Remember to replace 'your_target_column' with the name of the column containing the target variable in your DataFrame.

These steps provide a general overview of using PyFlux for time series analysis and forecasting. You can explore different models, adjust model parameters, and apply additional techniques offered by the PyFlux library to further enhance your analysis.

15.8.2 Example Code#

!pip install git+https://github.com/RJT1990/pyflux.git
import pandas as pd
import matplotlib.pyplot as plt
import urllib.request
import pmdarima as pm
import numpy as np
from sklearn.metrics import mean_absolute_error
from statsmodels.tsa.statespace.sarimax import SARIMAX

# Download the dataset
url = 'https://raw.githubusercontent.com/jbrownlee/Datasets/master/airline-passengers.csv'
urllib.request.urlretrieve(url, 'AirPassengers.csv')

# Load the dataset
df = pd.read_csv('AirPassengers.csv')

# Convert the 'Month' column to datetime type
df['Month'] = pd.to_datetime(df['Month'])

# Split the data into training and testing sets
train_size = int(len(df) * 0.8)
train_data = df[:train_size]
test_data = df[train_size:]

# Find the optimal hyperparameters using auto_arima
model = pm.auto_arima(train_data['Passengers'], seasonal=True, m=12, suppress_warnings=True)

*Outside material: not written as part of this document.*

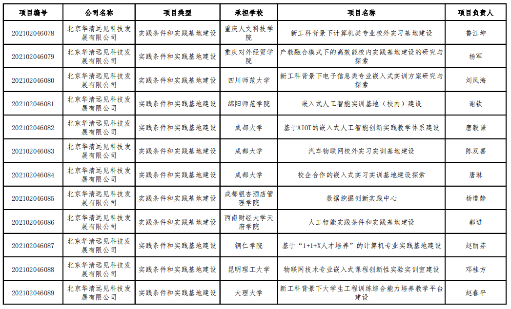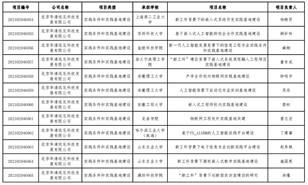 華清遠(yuǎn)見(jiàn)根據(jù)《教育部高等教育司關(guān)于公布有關(guān)企業(yè)支持的產(chǎn)學(xué)合作協(xié)同育人項(xiàng)目申報(bào)指南(2021年第二批)的通知》要求,高度重視并積極組織有關(guān)高校師生提交項(xiàng)目申請(qǐng),組織專家對(duì)申報(bào)項(xiàng)目進(jìn)行遴選并公示。
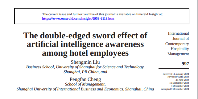 近期,工商管理學(xué)院程鵬璠老師合作撰寫的《The double-edged sword effect of artificial intelligence awareness among hotel employees》一文發(fā)表于《International Journal of Contemporary Hospitality Management》2025年第37卷。該期刊為JCR Q1分區(qū)的SSCI來源期刊,是旅游管理科學(xué)國際五大頂尖期刊之一,被我校列為國際二類,A級(jí)期刊。

# Fit the SARIMAX model with the optimal hyperparameters
sarimax_model = SARIMAX(train_data['Passengers'], order=model.order, seasonal_order=model.seasonal_order)
sarimax_model_fit = sarimax_model.fit()

# Forecast future values
predictions = sarimax_model_fit.get_forecast(steps=len(test_data))

# Extract the predicted values and confidence intervals
predicted_values = predictions.predicted_mean
ci_lower = predictions.conf_int().iloc[:, 0]
ci_upper = predictions.conf_int().iloc[:, 1]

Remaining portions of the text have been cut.